Volume 2015 | Article ID 596797 | https://doi.org/10.1155/2015/596797

Prevalence and Risk Factors of Prostate Cancer in Chinese Men with PSA 4–10 ng/mL Who Underwent TRUS-Guided Prostate Biopsy: The Utilization of PAMD Score

Dong Fang,¹Da Ren,¹Chenglin Zhao,²Xuesong Li,¹Wei Yu,¹Rui Wang,²Huihui Wang,²Chenguang Xi,¹Qun He,¹Xiaoying Wang,²Zhongcheng Xin,¹and Liqun Zhou¹

Academic Editor: Charnita M. Zeigler-Johnson

Received04 May 2015

Revised01 Aug 2015

Accepted09 Aug 2015

Published18 Oct 2015

Abstract

Purpose. To elucidate the characteristics and risk factors for positive biopsy outcomes in Chinese patients with prostate specific antigen (PSA) 4–10 ng/mL and develop a risk-stratification score model. Methods. The data of 345 patients who underwent transrectal ultrasound-guided prostate biopsy between 2011 and 2013 was retrospectively analyzed. Digital rectal examination (DRE), prostate volume (PV), magnetic resonance imaging (MRI), and smoking status were also collected. Positive biopsy outcomes were defined as prostate cancer (PCa) and high grade PCa (HGPCa, Gleason ). Results. The median PSA was 7.15 (IQR 5.91–8.45) ng/mL. Overall 138 patients (40.0%) were shown to have PCa, including 100 patients (29.0%) with HGPCa. Smaller PV, elder age, MRI results, and positive DRE were proved to be predictive factors for positive biopsy outcomes in both univariate and multivariate analysis. We developed a “PAMD” score which combined the four factors to categorize patients into three risk groups, and the model performed good predictive sensitivity and specificity. Conclusion. The prevalence of prostate cancer in Chinese patients with PSA 4–10 ng/mL was 40%, including 29% patients with high grade disease. DRE, age, MRI, and PV were predictive factors for positive biopsy outcomes, and the PAMD score model could be utilized for risk-stratification and decision-making.

1. Introduction

Systematic transrectal ultrasound- (TRUS-) guided prostate biopsy is currently the standard practice for the diagnosis of prostate cancer (PCa) [1]. According to European Association of Urology (EAU) guidelines, the decision to undergo biopsy should be based on prostate specific antigen (PSA) and digital rectal examination (DRE) [1]. There has been significant development in the use of multiparametric-magnetic resonance imaging (MRI) in diagnosis of prostate cancer [2–4] in recent years, but whether MRI could act as a useful evaluating tool for the decision for biopsy remains unclear [5].

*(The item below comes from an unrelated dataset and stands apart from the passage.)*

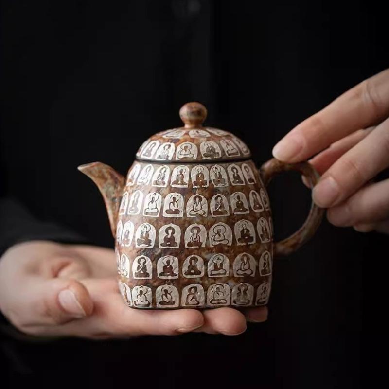 Dunhuang Ten Thousand Buddhas Silver Gilded Ceramic Gongfu Tea Set Chinese Traditional Yixing Teapot Gift Home Decor

As the most commonly used screening tool, the elevated value of PSA often indicated the need for prostate biopsy. Traditionally 4 ng/mL was often regarded as the cut-off to consider biopsy [6], but controversy exists about the biopsy indication for patients with PSA between 4 and 10 ng/mL [7–9]. The positive rate ranges variously in previous reports (20.6%–39.1%) and PSA alone has low predictive accuracy [10].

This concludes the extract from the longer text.